Shanghai ZENTEK Co., Ltd. ZENTEK 信弘,智能,信弘智能科技 Elite Partner,Omniverse,智能科技 NVIDIA GPU,NVIDIA vGPU,TESLA,QUADRO,AI, AI Training,AI Courses,Artificial Intelligence (AI),Solutions,DLI,Mellanox,InfiniBand (IB),Deep Learning, NVIDIA RTX,IT,RACLE Database,ORACLE Cloud Services,Deep Learning Institute, bigdata,Big Data, Data Security & Backup,鼎甲SCUTECH CORP,High-Performance Computing (HPC),Virtual Machines (VM), Virtual Desktop Infrastructure (VDI),Virtual Desktop Infrastructure (VDI),Hardware,Software, Accelerated Computing,High-Performance Computing (HPC),Supercomputing,Servers,Virtual Servers, IT Consulting,IT System Planning, Application Deployment,System Integration

GPU-Enabled Container Cloud Platform Solutions

GPU-Enabled Container Cloud Platform – Kube Manager

Empowering Digital Hubs with Unified Compute Resource Management

In environments with a high number of GPU users, the lack of unified GPU resource allocation and management often leads to imbalanced usage, resource idling, or contention, resulting in low overall utilization. Moreover, when multiple developers share a single machine, differences in environments and workflows can cause conflicts and inefficiencies.
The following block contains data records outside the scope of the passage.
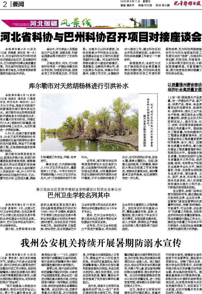 - 我州公安机关持续开展暑期防溺水宣传 本报库尔勒8月10日讯 (记者 景丽君) 连日来的高温天气,使群众户外涉水活动增多,我州公安机关以夏季治安打击整治行动工作为契机,组织民辅警深入辖区旅游景点及周边水域开展暑期防溺水宣传,从源头预防
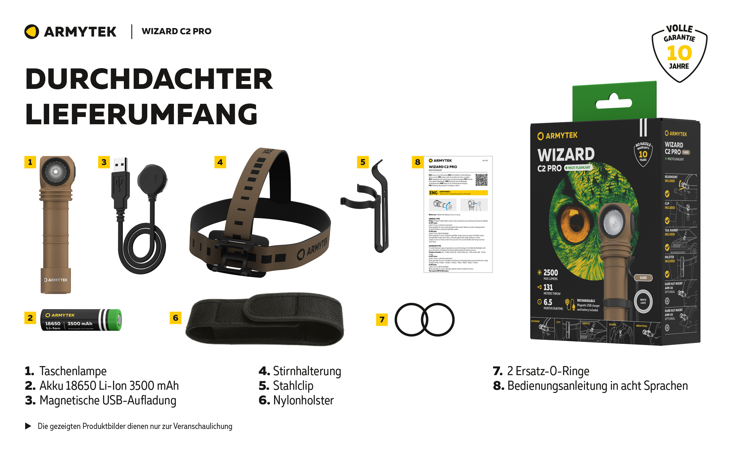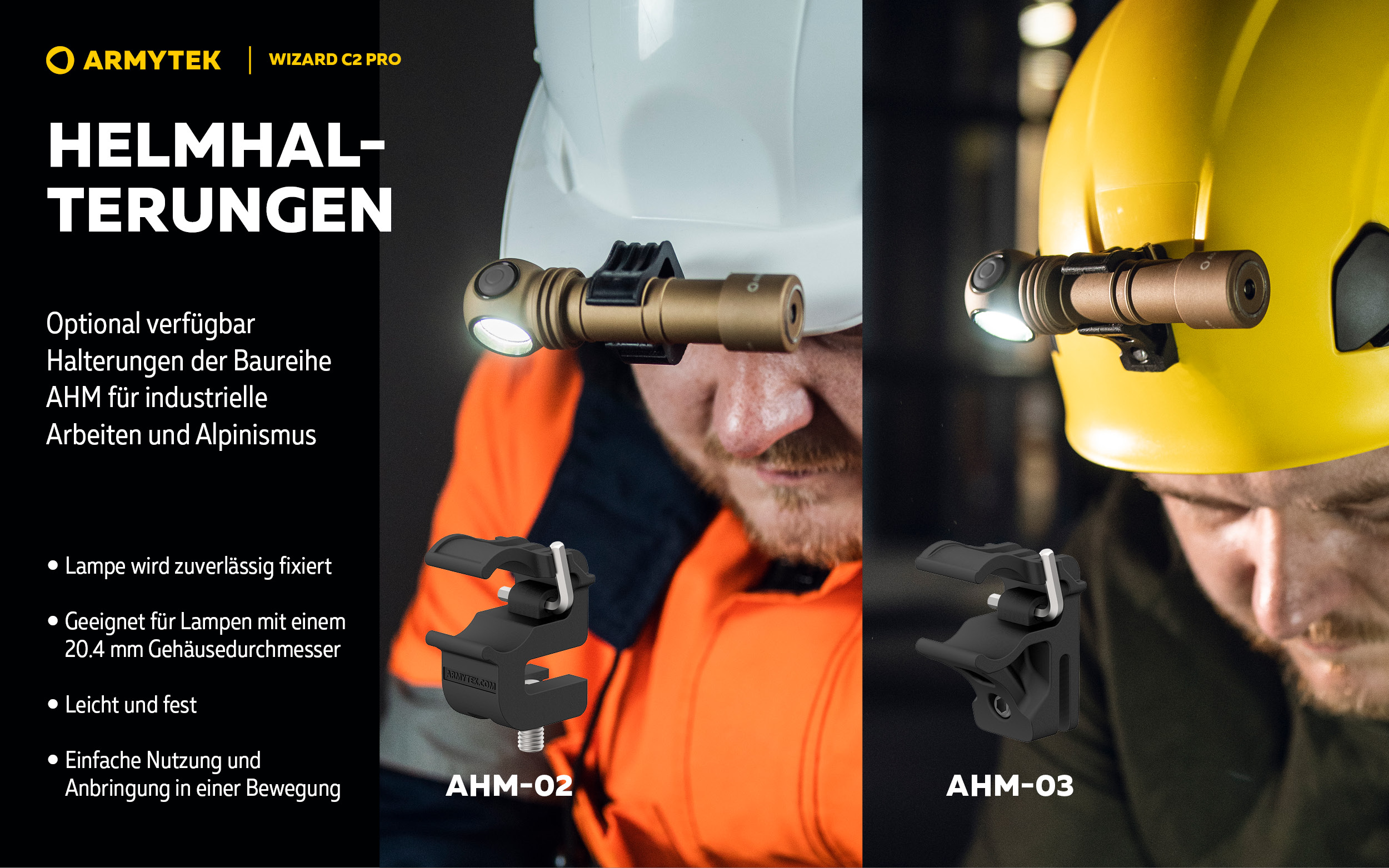 Das Lieferumfang enthält eine bequeme Stirnhalterung, einen Clip zum Anbringen an Kleidung oder Rucksack und ein robustes Nylonholster. Wizard C2 Pro ist kompatibel mit den Helmhalterungen der Baureihe AHM für industrielle Arbeiten und Alpinismus.
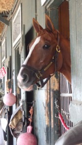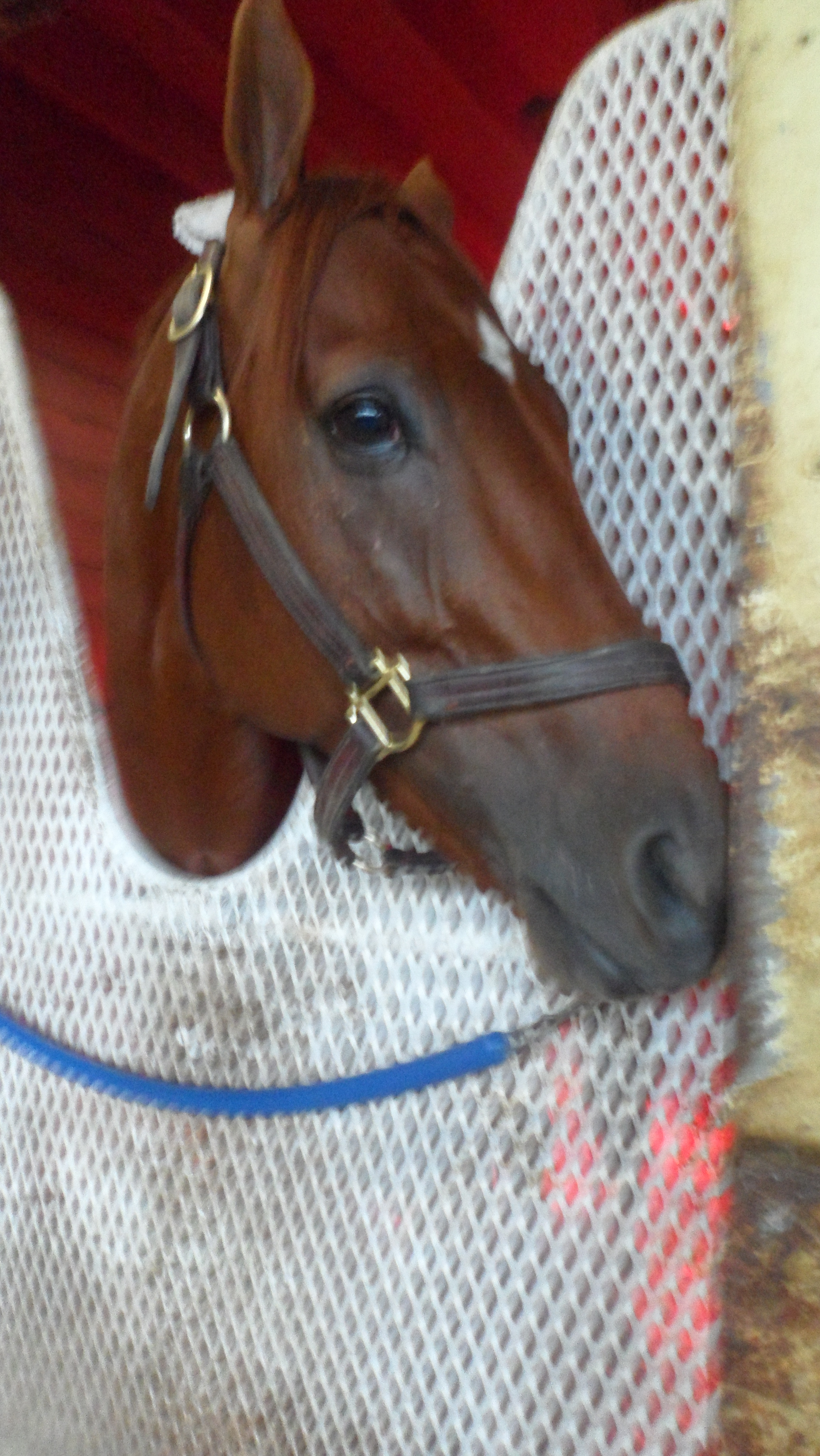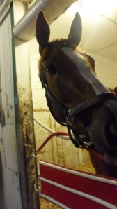 On Sunday morning at the barn, Hessonite welcomed visitors, though she was not particularly cooperative when it came to photographs.  Donk’s wife Fay said that between Saturday and Sunday morning, the filly had consumed a significant quantity of peppermints, but her appetite for treats was not sated: the crinkle of a wrapper elicited pricked ears and nosy curiosity.
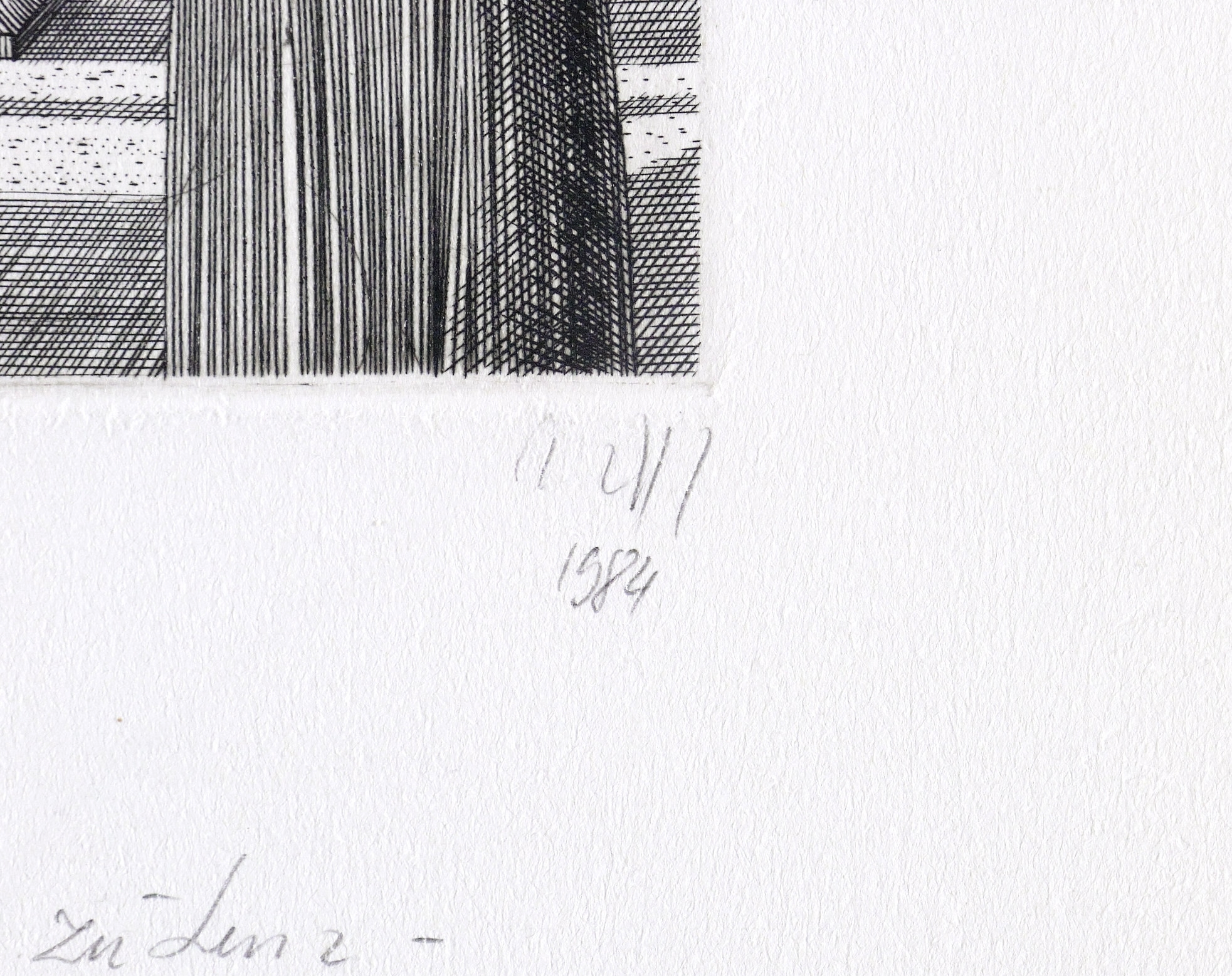 1972/1982. Kupferstich / Linienstich, in Schwarz, auf weißem Velin. – Originale Künstlergrafik, von Baldwin Zettl. – Auflage Exemplar Nr. 71/76. – 26 x 17 cm (Blatt), 11,7 x 8,2 cm (Darstellung / Platte).
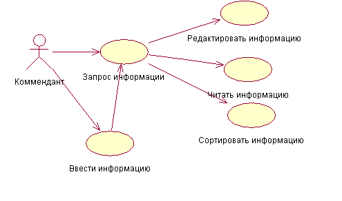 по ней коммендант может редактировать, читать,сортировать информацию, если она есть, если же ее нет, то коммендант сначало вводит информацию
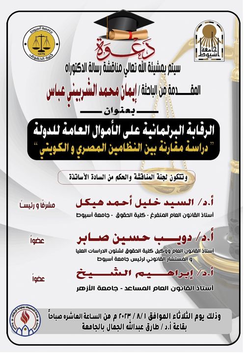Discussion of the doctoral thesis of the researcher / Iman Muhammad Al-Sherbiny Abbas under the title "Parliamentary control over the public funds of the state - a comparative study between the Egyptian and Kuwaiti systems"
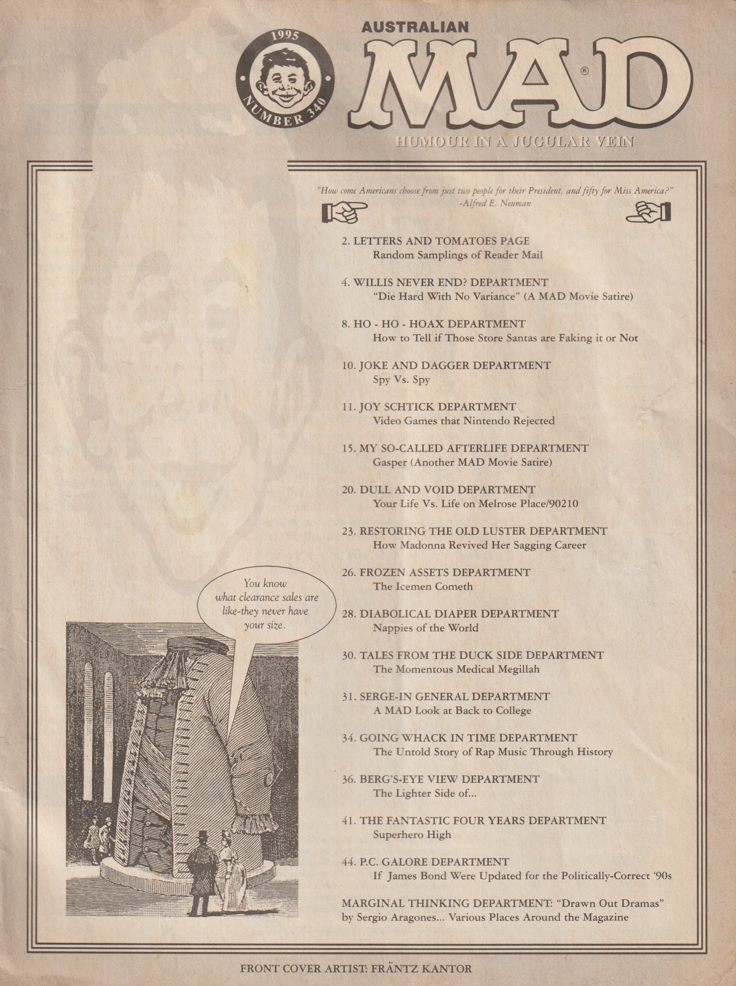 MAD Magazine #340 MAD Magazine (Australia) Updated: August 6th, 2021 Country: AustraliaCover: Another Life Saving IssueSale price: AU$3.40Format: Magazine Editorial Cover Artist: Frantz Kantor Additional Images
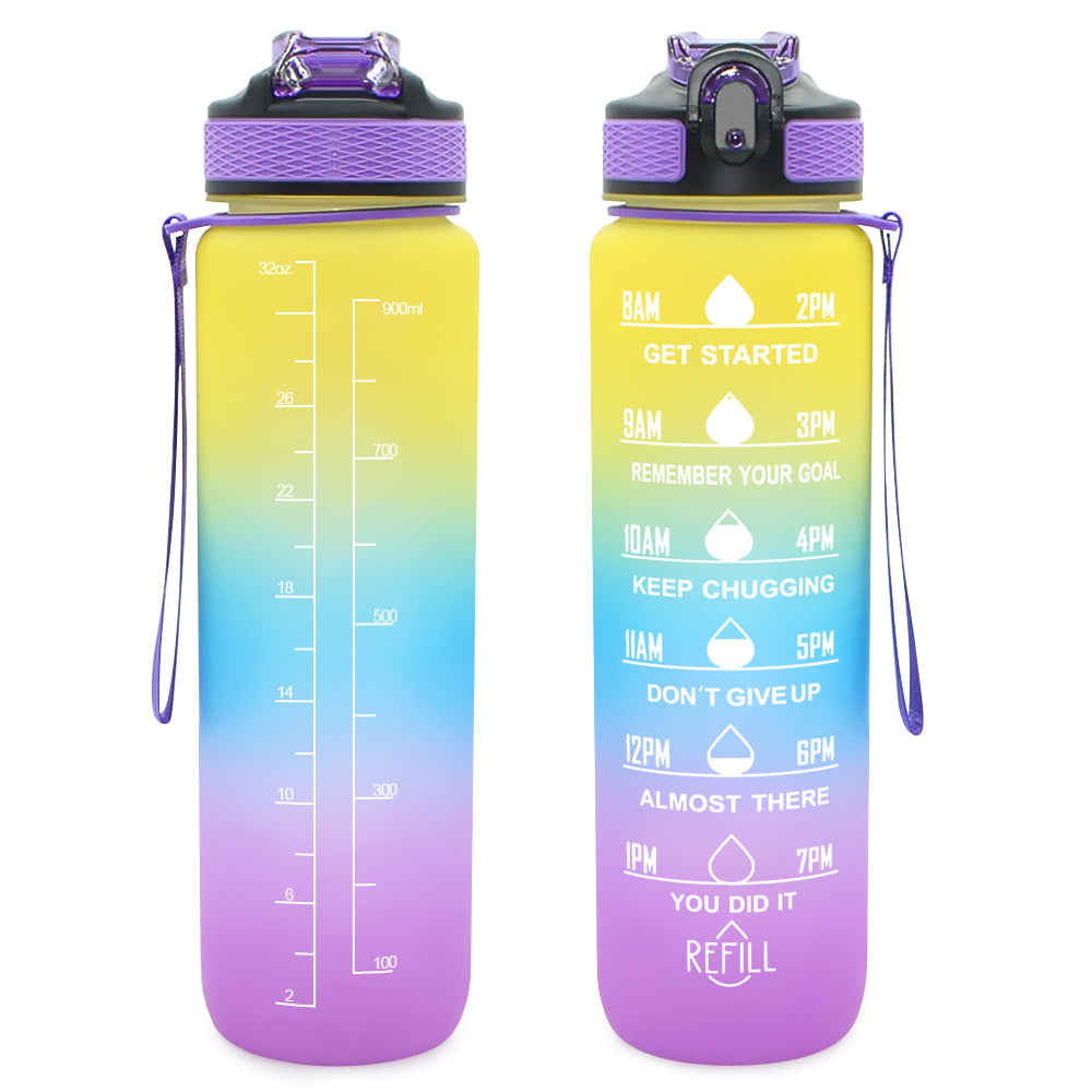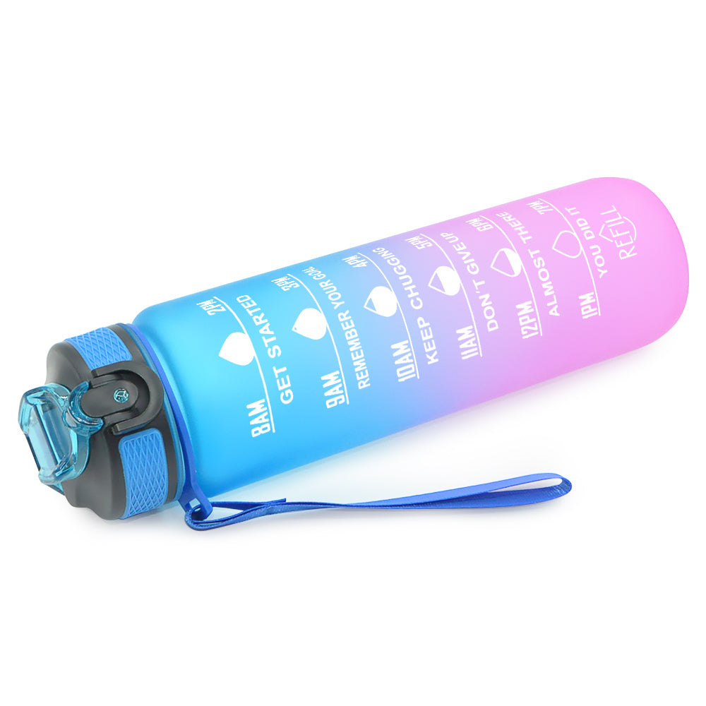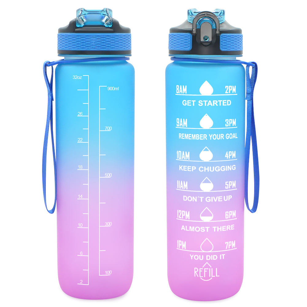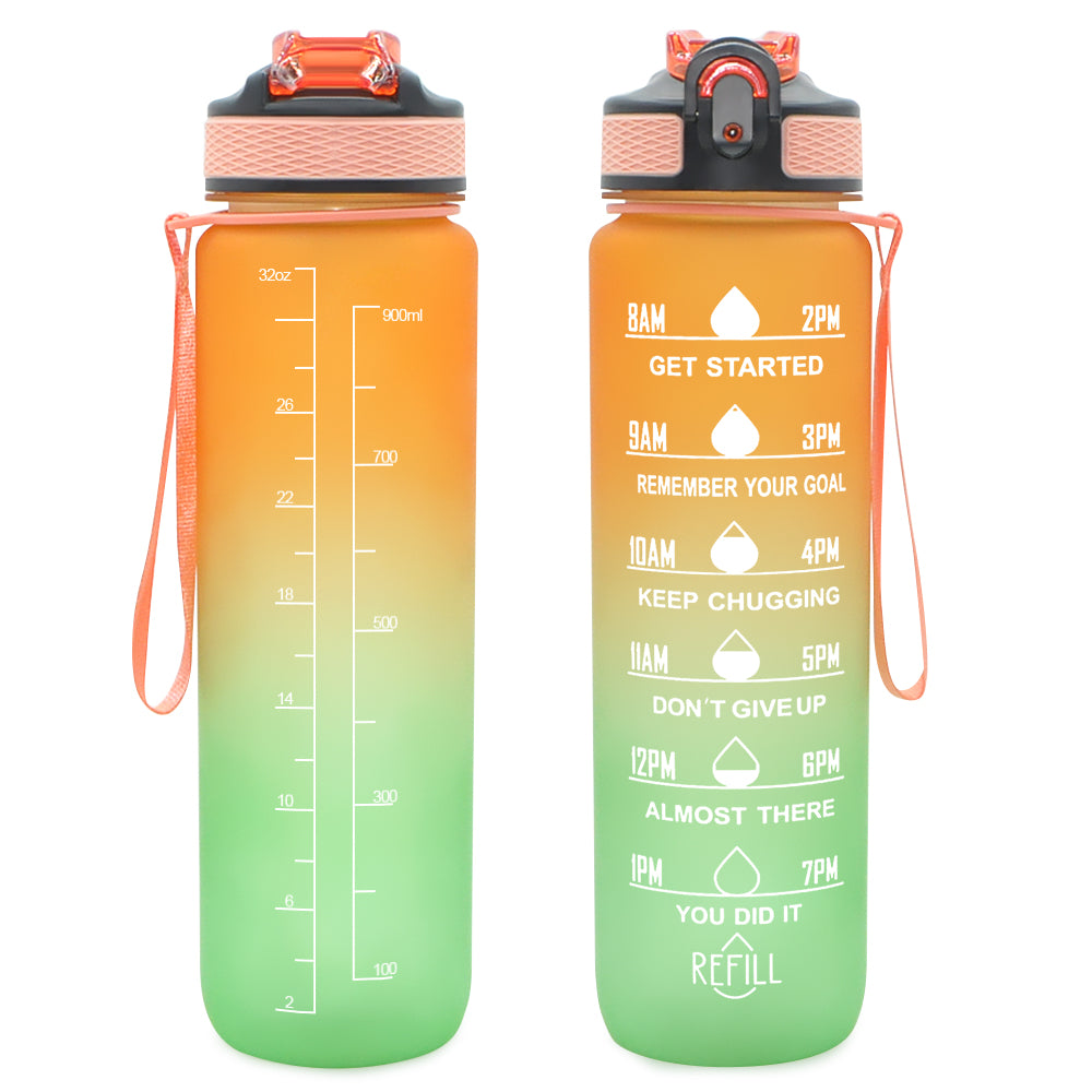 T3- 32oz 1000ML Gradient Gym Bottles Large Water Bottle With Motivational Time Marker
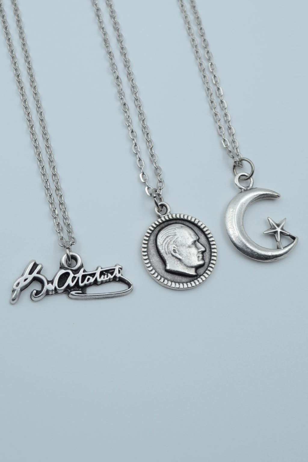 3'lü Atatürk İmza Madalyon Ay Yıldız Gümüş Kaplama Kolye Seti
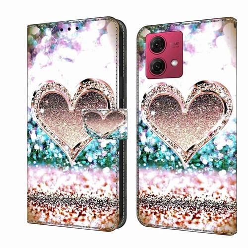 Funda Protectora de Cuero para Motorola Moto G84 Crystal 3D a Prueba de Golpes (Corazón de Diamante Rosa)
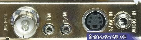 Расположение разъёмов на планке полностью копирует схему, используемую в PCI DVD3 Hybrid. Телевизионная антенна подключается к стандартному разъёму IEC, FM-антенна — к разъёму mini-jack 2.5 мм. Отметим, что расположенные рядом одинаковые разъёмы для подключения ИК-датчика пульта ДУ и FM-антенны требуют определённой внимательности при установке тюнера. Композитный сигнал полноценно снимается с S-Video разъёма, соответствующий переходник входит в комплект.

Kube Manager, as a container-based cloud platform, provides unified scheduling and allocation of large-scale CPU and GPU resources. It enables dynamic, on-demand GPU allocation to prevent resource imbalance, supports GPU sharing (allowing multiple users to utilize a single GPU card concurrently), and eliminates contention. Leveraging containerization, Kube Manager ensures environment isolation so that multiple users can share the same machine without conflicts.

Kube Manager comprises six core modules: Resource Monitoring, Application Management, Image Management, File Management, User Management, and Resource Quotas.

资源监控、应用管理、镜像管理、文件管理、用户管理、资源配额

Advantages of Kube Manager

1. Convenient Resource Configuration

- Quickly select required CPU, memory, GPU, and VRAM when creating applications.

- Enforced quotas prevent overuse; quotas can be adjusted as needed.

- CPU allocation granularity: 1‰ of a core; Memory: 1 MB.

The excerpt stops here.